> [EXERCISE DESCRIPTION]: Write the data out in full and word for word. Do not include images.

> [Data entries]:
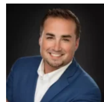
Kevin Adashun Jones, Inc.
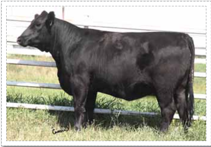
75 - MCC Katinka 762
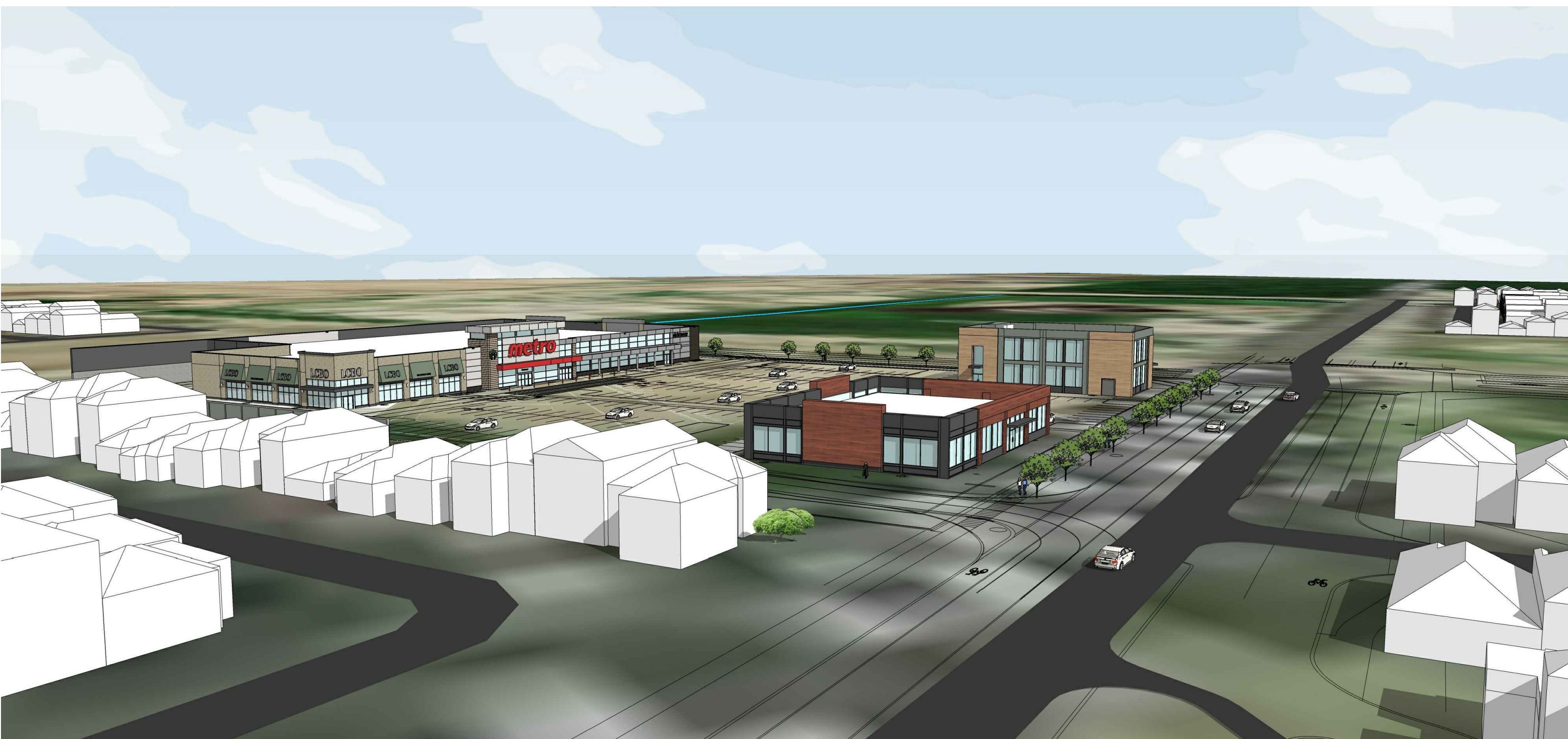
AERIAL VIEW LOOKING SOUTH - EAST
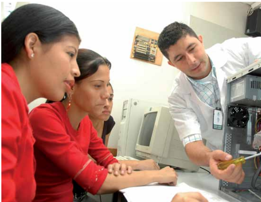
entra21, ©copyright International Youth Foundation

Keeping youth in programs. Understanding youth needs also means understanding the barriers that youth face in completing training programs, and the reasons they drop out. MIF experience has shown that efforts to locate activities close to the communities where youth live, foster family and community involvement, use interactive teaching approaches (simulations, games, role-playing, small group activities, field visits), align training with the hours best suited for the youth, and provide transportation stipends are effective in helping to keep youth engaged and minimize drop outs. Entra21 and A Ganar track dropout information using exit surveys and follow up calls to see if youth leave the program for “negative” reasons, such as lack of interest or discipline problems, or “positive” reasons, such as going back to school or getting a formal job.
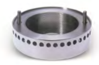
Standard emulsor head and emulsor screen
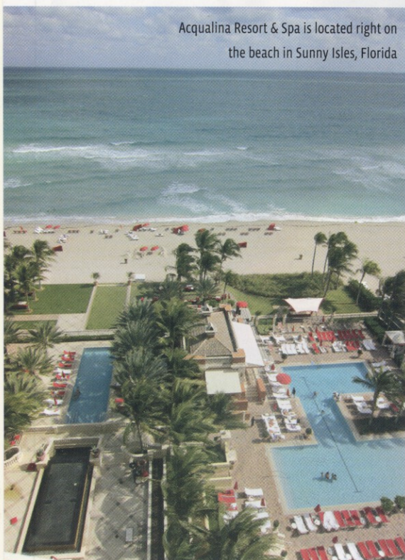
Acqualina Resort & Spa is located right on the beach in Sunny Isles, Florida
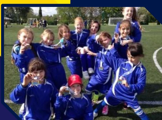
Top - Bottom - Various Photos from Hosted School Events
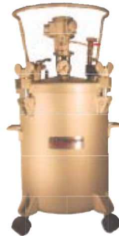
10 GALLON TANK WITH AIR POWERED AGITATION 51-553 SINGLE REGULATED 51-554 DOUBLE REGULATED
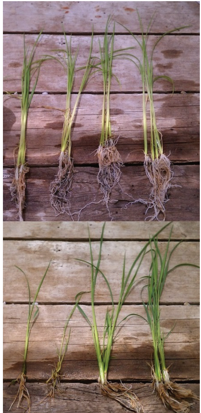
Fig. 1. Rice water weevil plant damage from greenhouse study. Top picture shows undamaged root systems. Bottom picture shows the diagnostic root pruning by rice water weevil larvae.

Adult Stage. The adults are only 4 mm long upon emergence with a light brown coloration and sometimes have a dark spot running the length of the elytra (Fig. 3, Jiang et al. 2006, Flint et al. 2013). The adult has two adaptations that confer an ability to lead an aquatic
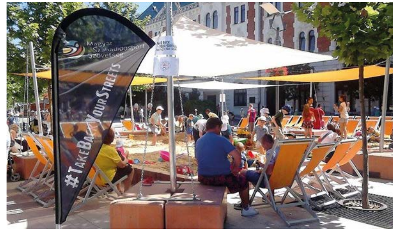
Giant Sandbox in Újpest (Budapest's 4th District), Hungary – June-August, 2016

Besides the official Flagship Events and TAFISA programs (World Challenge Day, World Walking Day and European Week of Sport #BeActive Challenge), other events joined the Take Back Your Streets... Take Back Your Future! program through the labelling system:
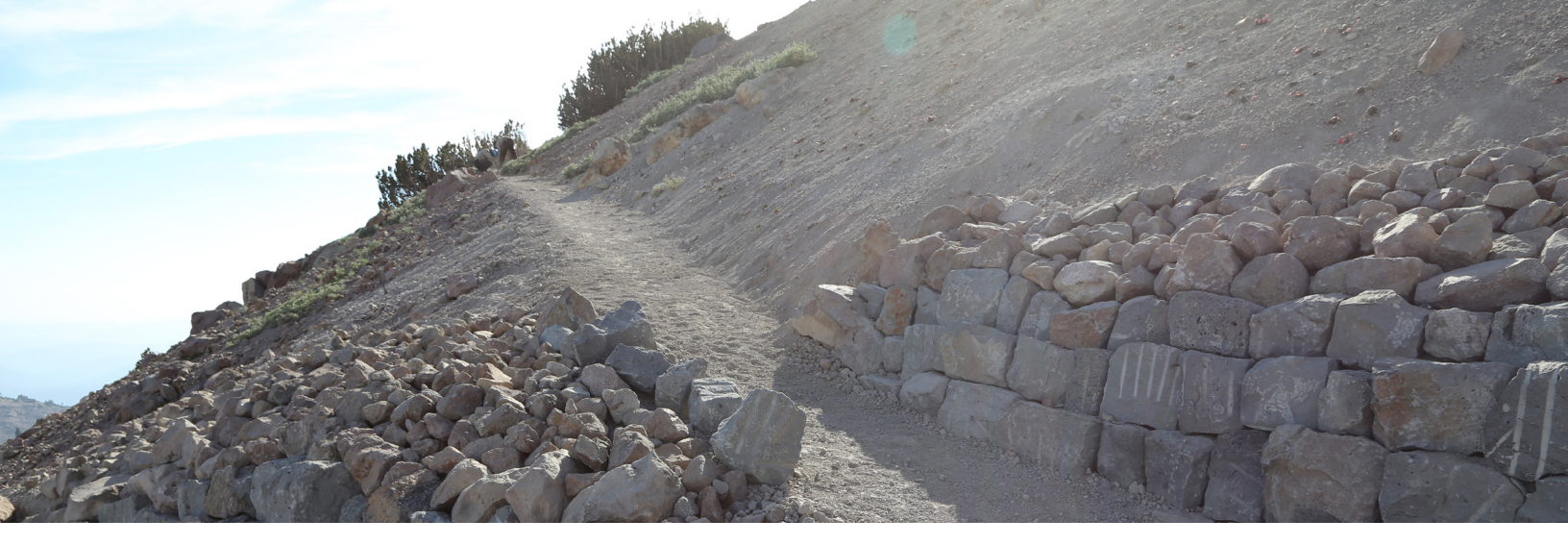
Rock work done by California Conservation Corps Corpsmembers on the Lassen Peak Trail.

The Corpsmembers' work on the trail contributed to the protection and stewardship of endangered vegetation, such as the Lasssen Smelowskia flower, which can only be found in Lassen National Park. Over 1,000 linear feet of the Lassen Peak Trail were rehabilitated, which included widening the trail to allow hikers to safely pass each other, and redefining switchbacks to reduce human impact on the Lassen Smelowskia flower and several other species of rare and endemic alpine plants.
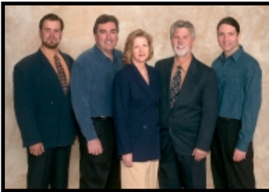
Our staff and associates will provide you with the highest quality video services available

"As a videographer, I become involved with the people I video tape and their experiences of the moment. The Storybook Videos™ I create, and the moments I capture, reflect the emotions I feel and show the many forms of love in life. If you'd like to discuss a video session or your wedding plans, give me a call. I'll be happy to talk about schedules and pricing, and to answer any further questions you may have."
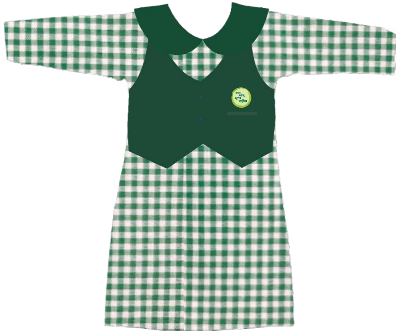
Shirt Front Face
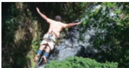
Sharesave for... ...the thrill of it
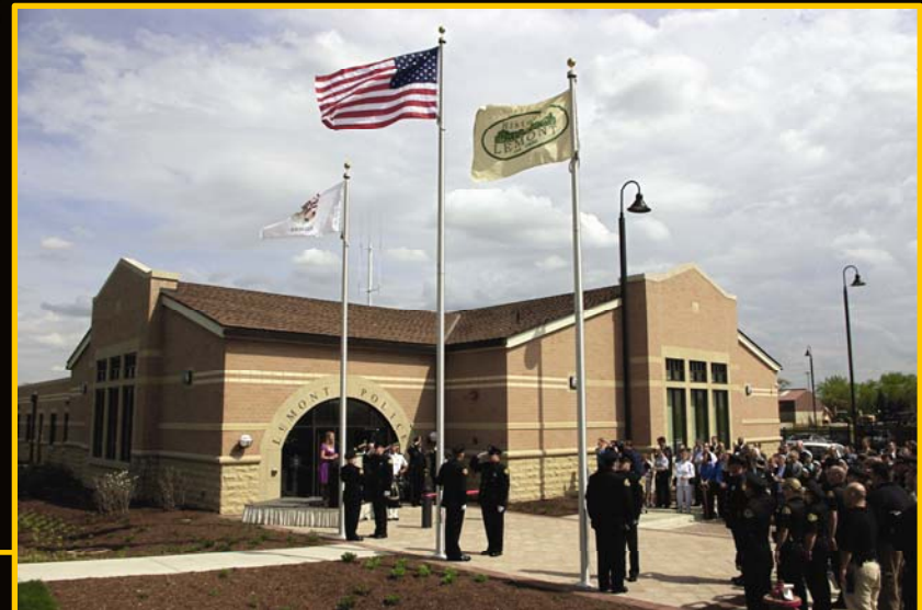
Police Dept. Dedication Ceremony – May 8, 2009
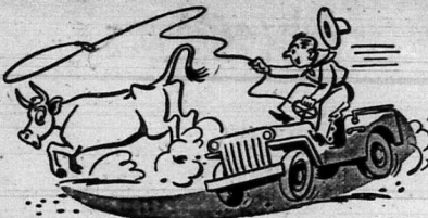
LEAPING JEEPS FOR WILD WEST RODEOS
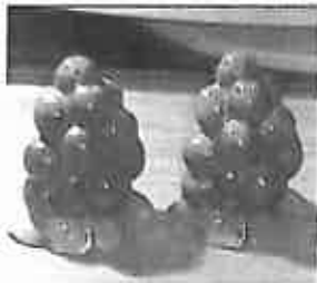
Grape Salt and Pepper Shakers $138.50
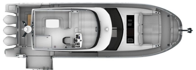
Jeanneau Merry Fisher 1295 Flybridge - diagram of overhead layout
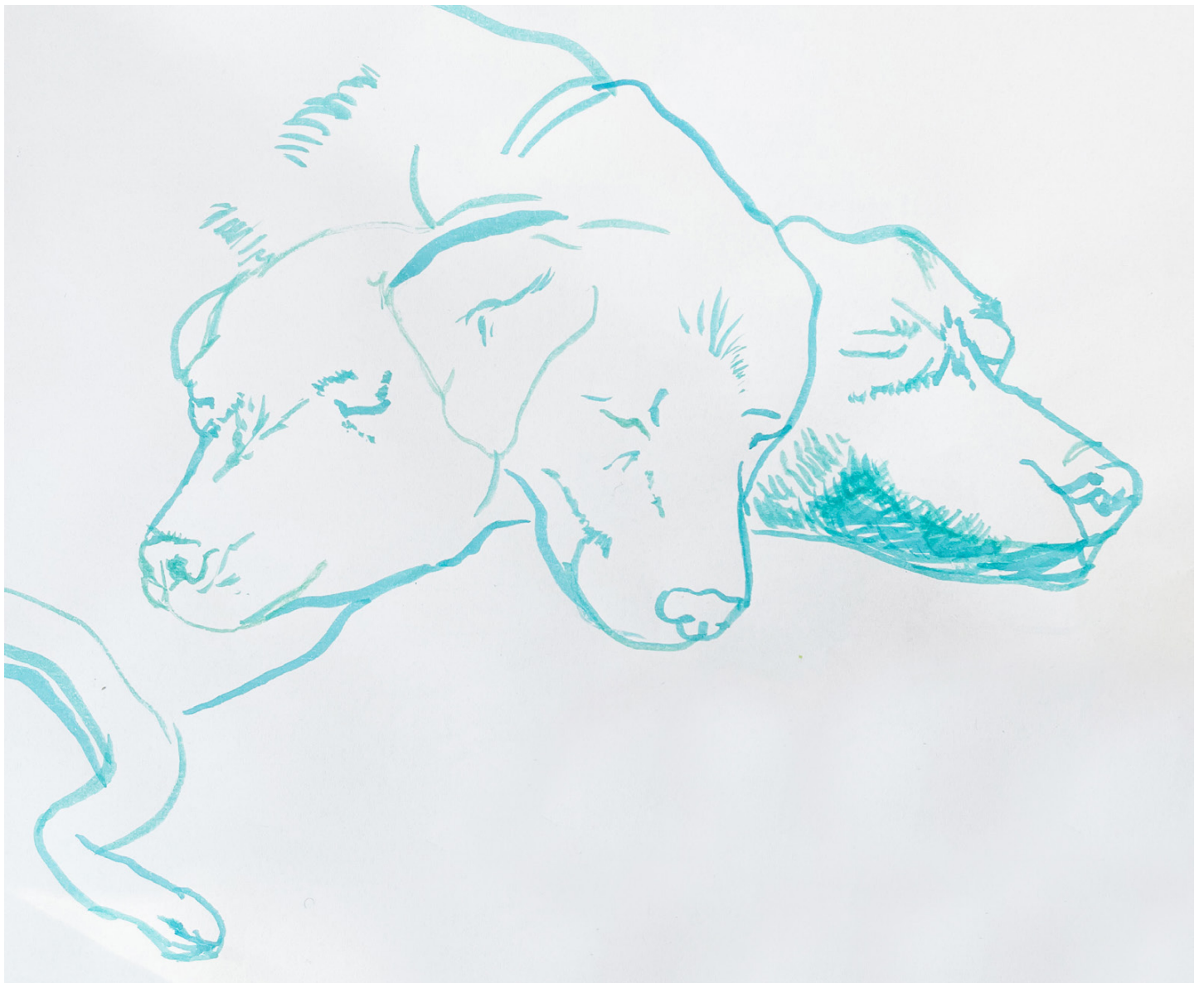
sketch for glass sculpture charon

for more information visit www.theo.vandoesburgstichting.nl
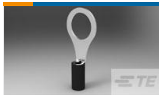
TE Part #342066 16-14 H.D.R/T 1/2" STUD BLACK
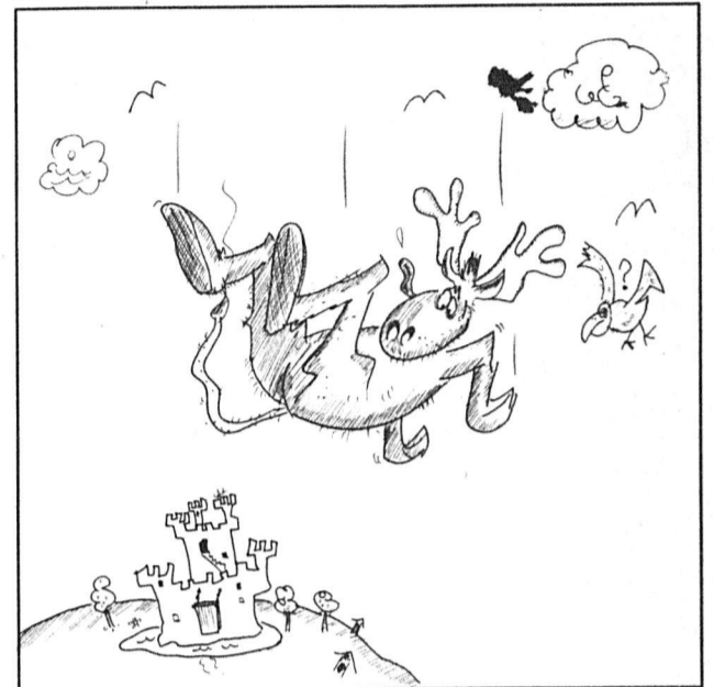
GO AND CATCH A FALLING MOOSE
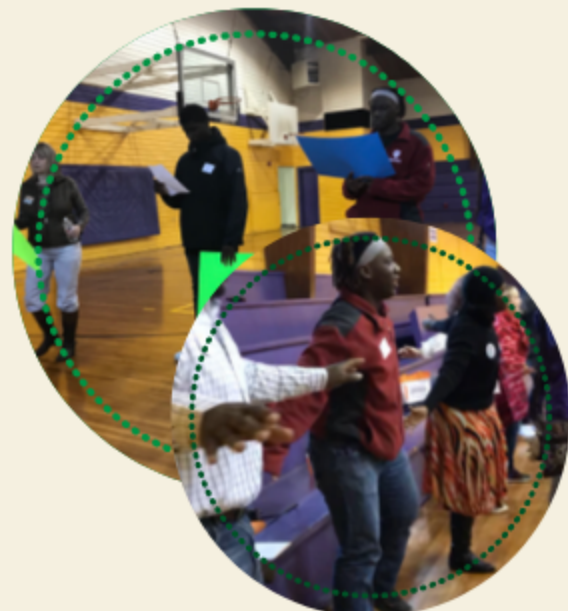
Youth Network Summit 2018
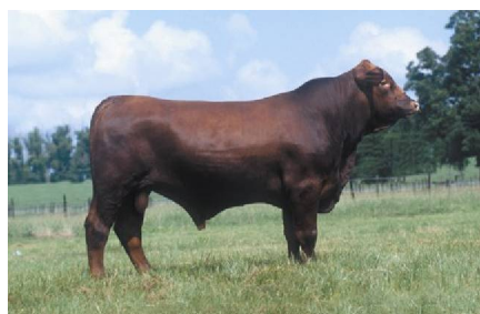
CX RF Dominator 23/K son of CX RF Dominator 23F
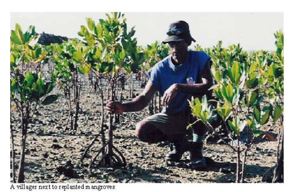
A villager next to replanted mangroves, Yadua

The OISCA, a Japanese non-governmental organization, over the past two years has assisted FSP (Fiji) and the Yadua community with replanting of mangrove seedlings, mainly Rhizophora . Spp , along the foreshore especially in deforested areas. To date over 400 seedlings have been planted, some now reaching up to over a metre tall. A nursery was set up in the same area in order to supply sufficient seedlings to other villages that have requested replanting of mangrove. Yadua villagers have observed crabs and fish species such as mullets now frequenting the new mangrove areas. This has generated more interest in replanting mangroves in neighbouring districts. A second village, Navuevu, has declared their existing mangrove swamps a protected area.
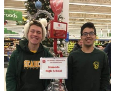
Awesome job SEABEES. Lots of students helping along side the saint john Riptide players! WTG
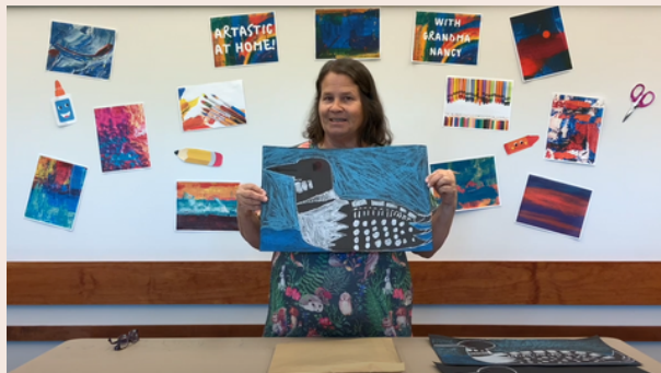
Artastic at Home

> [TASK RESPONSE]:
Kevin Adashun Jones, Inc.
75 - MCC Katinka 762
AERIAL VIEW LOOKING SOUTH - EAST
entra21, ©copyright International Youth Foundation

Keeping youth in programs. Understanding youth needs also means understanding the barriers that youth face in completing training programs, and the reasons they drop out. MIF experience has shown that efforts to locate activities close to the communities where youth live, foster family and community involvement, use interactive teaching approaches (simulations, games, role-playing, small group activities, field visits), align training with the hours best suited for the youth, and provide transportation stipends are effective in helping to keep youth engaged and minimize drop outs. Entra21 and A Ganar track dropout information using exit surveys and follow up calls to see if youth leave the program for “negative” reasons, such as lack of interest or discipline problems, or “positive” reasons, such as going back to school or getting a formal job.
Standard emulsor head and emulsor screen
Acqualina Resort & Spa is located right on the beach in Sunny Isles, Florida
Top - Bottom - Various Photos from Hosted School Events
10 GALLON TANK WITH AIR POWERED AGITATION 51-553 SINGLE REGULATED 51-554 DOUBLE REGULATED
Fig. 1. Rice water weevil plant damage from greenhouse study. Top picture shows undamaged root systems. Bottom picture shows the diagnostic root pruning by rice water weevil larvae.

Adult Stage. The adults are only 4 mm long upon emergence with a light brown coloration and sometimes have a dark spot running the length of the elytra (Fig. 3, Jiang et al. 2006, Flint et al. 2013). The adult has two adaptations that confer an ability to lead an aquatic
Giant Sandbox in Újpest (Budapest's 4th District), Hungary – June-August, 2016

Besides the official Flagship Events and TAFISA programs (World Challenge Day, World Walking Day and European Week of Sport #BeActive Challenge), other events joined the Take Back Your Streets... Take Back Your Future! program through the labelling system:
Rock work done by California Conservation Corps Corpsmembers on the Lassen Peak Trail.

The Corpsmembers' work on the trail contributed to the protection and stewardship of endangered vegetation, such as the Lasssen Smelowskia flower, which can only be found in Lassen National Park. Over 1,000 linear feet of the Lassen Peak Trail were rehabilitated, which included widening the trail to allow hikers to safely pass each other, and redefining switchbacks to reduce human impact on the Lassen Smelowskia flower and several other species of rare and endemic alpine plants.
Our staff and associates will provide you with the highest quality video services available

"As a videographer, I become involved with the people I video tape and their experiences of the moment. The Storybook Videos™ I create, and the moments I capture, reflect the emotions I feel and show the many forms of love in life. If you'd like to discuss a video session or your wedding plans, give me a call. I'll be happy to talk about schedules and pricing, and to answer any further questions you may have."
Shirt Front Face
Sharesave for... ...the thrill of it
Police Dept. Dedication Ceremony – May 8, 2009
LEAPING JEEPS FOR WILD WEST RODEOS
Grape Salt and Pepper Shakers $138.50
Jeanneau Merry Fisher 1295 Flybridge - diagram of overhead layout
sketch for glass sculpture charon

for more information visit www.theo.vandoesburgstichting.nl
TE Part #342066 16-14 H.D.R/T 1/2" STUD BLACK
GO AND CATCH A FALLING MOOSE
Youth Network Summit 2018
CX RF Dominator 23/K son of CX RF Dominator 23F
A villager next to replanted mangroves, Yadua

The OISCA, a Japanese non-governmental organization, over the past two years has assisted FSP (Fiji) and the Yadua community with replanting of mangrove seedlings, mainly Rhizophora . Spp , along the foreshore especially in deforested areas. To date over 400 seedlings have been planted, some now reaching up to over a metre tall. A nursery was set up in the same area in order to supply sufficient seedlings to other villages that have requested replanting of mangrove. Yadua villagers have observed crabs and fish species such as mullets now frequenting the new mangrove areas. This has generated more interest in replanting mangroves in neighbouring districts. A second village, Navuevu, has declared their existing mangrove swamps a protected area.
Awesome job SEABEES. Lots of students helping along side the saint john Riptide players! WTG
Artastic at Home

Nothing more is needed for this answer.